Keith J. Devlin (born 16 March 1947) is a British mathematician and popular science writer. Since 1987 he has lived in the United States. He has dual British-American citizenship.

Biography 
He was born and grew up in England, in Kingston upon Hull. There he attended a local primary school followed by Greatfield High School in Hull. In the last school year he was appointed head boy.
Devlin earned a BSc (special) in mathematics at King's College London in 1968, and a PhD in mathematics at the University of Bristol in 1971 under the supervision of Frederick Rowbottom.

Career
Later he got a position as a scientific assistant in mathematics at the University of Oslo, Norway, from August till December 1972. In 1974 he became a scientific assistant in mathematics at the University of Heidelberg, Germany. In 1976 he was an assistant professor of mathematics at the University of Toronto, Canada.
From 1977 till 1987 he served as a lecturer, then reader, in mathematics at the University of Lancaster, England. From 1987 to 1989 he was a visiting professor of mathematics at Stanford University in California. From 1989 to 1993 he was the Carter Professor of Mathematics and Chair of Department at Colby College in Maine. From 1993 to 2000 he was Dean of Science and a professor of mathematics at St. Mary's College of California. From 2001 until he retired he was a senior researcher at Stanford University.

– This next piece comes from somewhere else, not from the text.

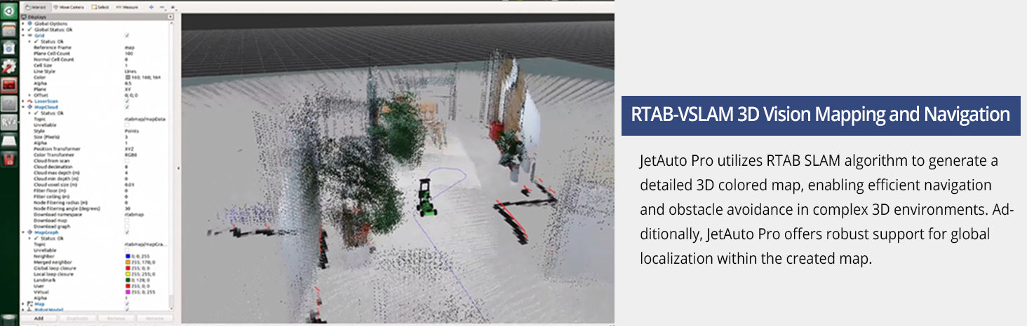 JetAuto Pro is a professional robotic platform for ROS learning and development, powered by NVIDIA Jetson Nano B01 and supports Robot Operating System (ROS). Within JetAuto Pro, you can learn and validate various robotic SLAM algorithms.

He is co-founder and executive director of Stanford University's Human-Sciences and Technologies Advanced Research Institute (2006), a co-founder of Stanford Media X university-industry research partnership program, and a senior researcher in the Center for the Study of Language and Information (CSLI). He is a commentator on National Public Radio's Weekend Edition Saturday, where he is known as "The Math Guy."

His current research is mainly focused on the use of different media to teach mathematics to different audiences. He is also co-founder and president of the company BrainQuake, which creates mathematics learning video games, which he set up in 2011. Other topics of his research are the theory of information, models of reasoning, applications of mathematical techniques in the study of communication, and mathematical cognition.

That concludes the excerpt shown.